Configure a database environment in Environments.
Run metadata scan for that environment.
Open Database View and ensure your tables/columns are available.

1. Build an ML training artifact in Database View¶

In Database workbench → Planning, select your scope.
Run Plan subset (preset-based closure + relationship validation).
Verify preflight state.
Click Create ML in Generate artifacts.
Set naming options and create the model artifact.
Execute the generated DSL model (with <ml-train> nodes) to start training and persist model versions.

For planning and scope details, see Auto-Generate Model from Database.

Note

Training duration depends on table size, feature complexity, and selected runtime. Larger training workloads can require more CPU/RAM and, depending on environment setup, GPU resources (for example NVIDIA cards).

2. Inspect trained model quality and versions in ML Generator View¶

Open ML-Gen from the top navigation.

Only models with completed/persisted training runs are listed with versions and statistics in this view.

You can:

search and select generators in the left pane,
switch versions in the version list,
set default version,
delete outdated versions,
inspect status, utility/privacy KPIs, and top drift indicators,
open full report, export, and model metadata.
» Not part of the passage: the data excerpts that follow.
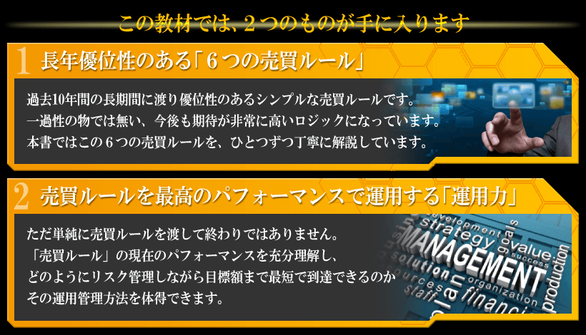 この教材内容は現在も使用している売買ルールと運用方法ですが
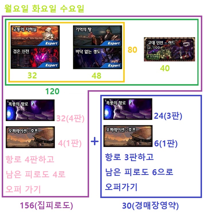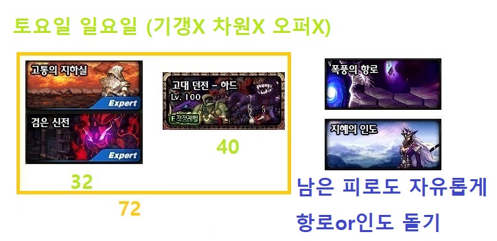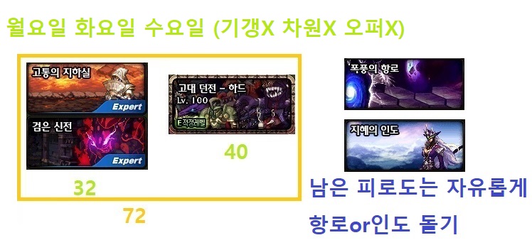 기갱, 차원, 오퍼 안돌 때의 경우 (월,화,수)
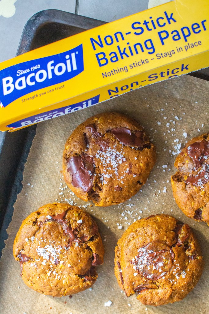 I created this recipe for my friends at Bacofoil to celebrate their fabulous baking paper. It has a new non-slip base, so it doesn’t curl up and it lies flat and stays exactly in place. It also has a non-stick textured surface, which means bakes like these cookies lift off so easily leaving nothing behind. Just what we all need hey!
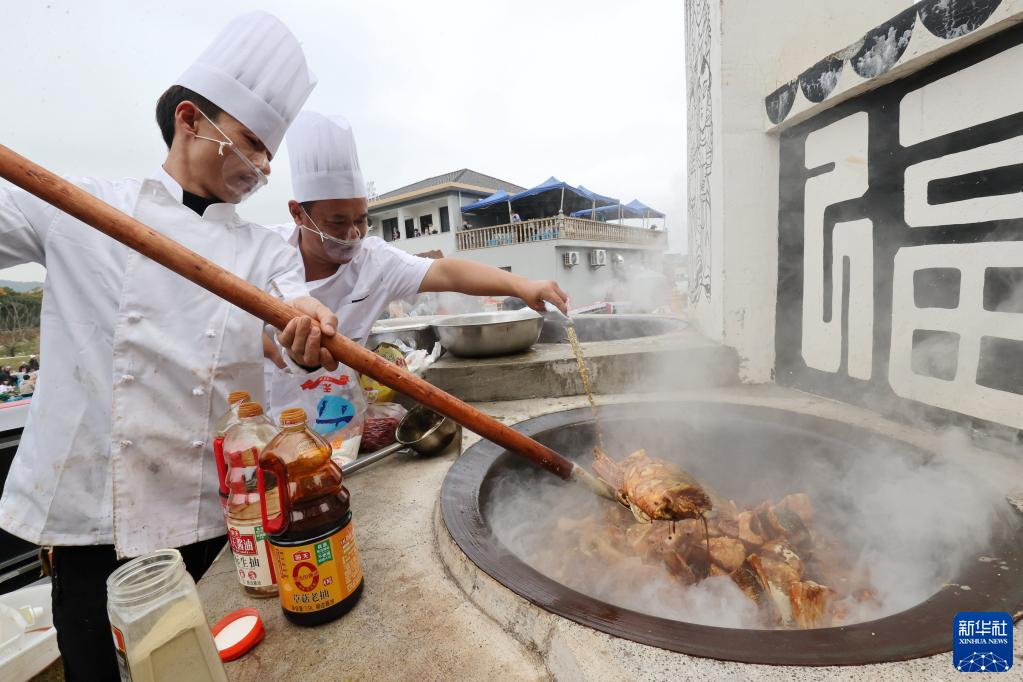 11月19日,廚師在現場(chǎng)烹飪當地特色的魚(yú)湯飯。
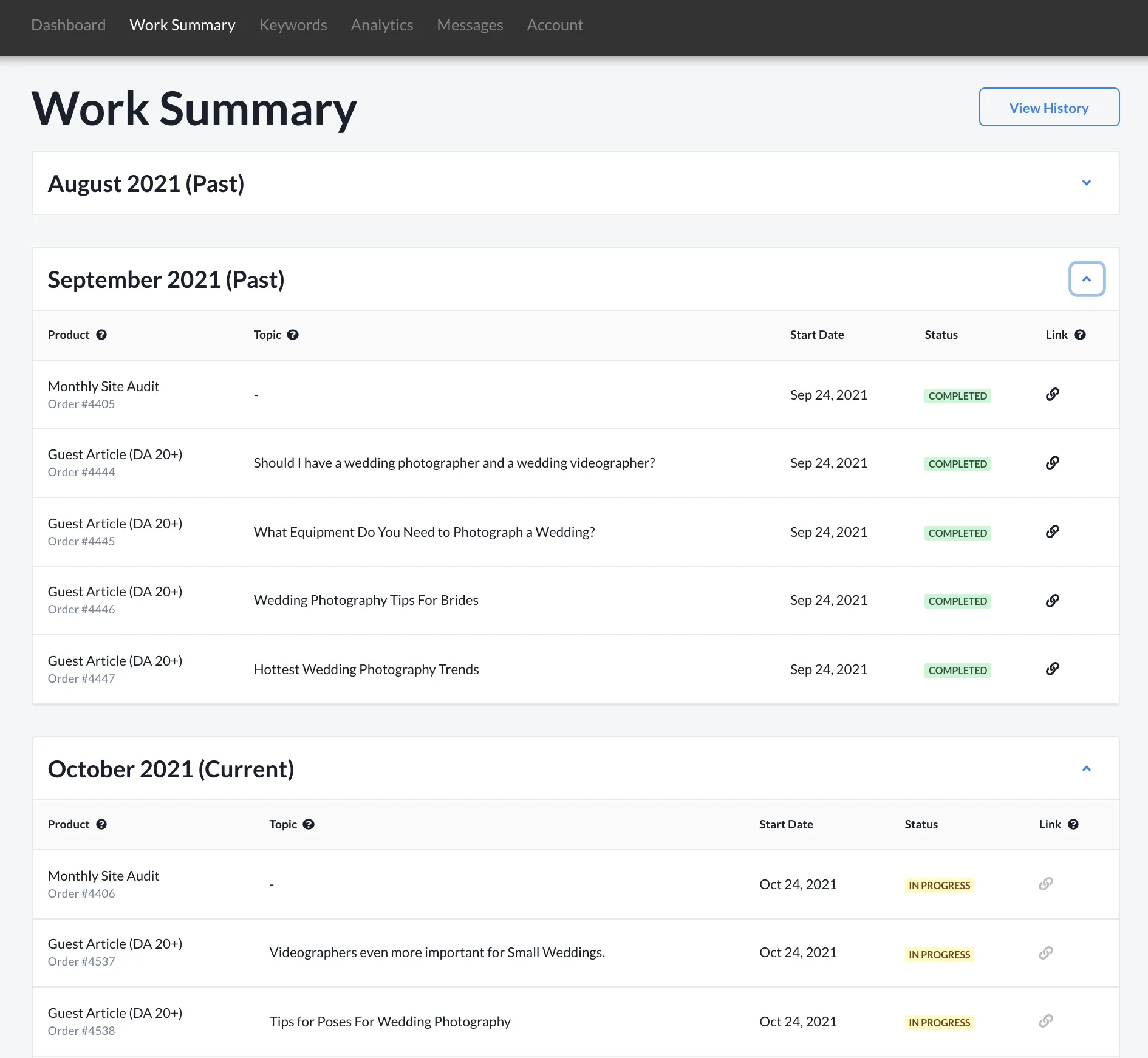 Authority is given to you by other websites. They give you website a vote by linking to your website. Not every link is created equal. We want to focus on high domain authority, quality, relevant links. A link isn’t just a link. Avoid PBNs(private blog networks), blog comment spamming and non-contextual linking. We create quality content and do outreach to real websites with value. The content topics are also outlined in the Content Calendar we create at the beginning of your campaign.

ML Generator View: model quality overview, version selection, and version actions

3. Reuse ML generators in DATAMIMIC DSL¶

After training/persisting models, reference them in <generate> using ml://... as source.

<setup>
    <generate name="accounts_stage" count="1000" pageSize="200" source="ml://accounts_model" target="mapping">
        <key name="account_id" generator="IncrementGenerator(start=1)"/>
    </generate>
</setup>

DATAMIMIC DSL using ML generators — DSL flow: train per-table models and reuse them as ML sources in generate nodes

Operational Notes¶

Use stable subset planning inputs for reproducible training behavior.
Keep one validated default version per generator for downstream DSL use.
Retrain when schema drift or data distribution changes materially.
Review utility/privacy status before promoting a version to default.
Treat generated recommendations and models as baseline output that still requires project-specific tuning.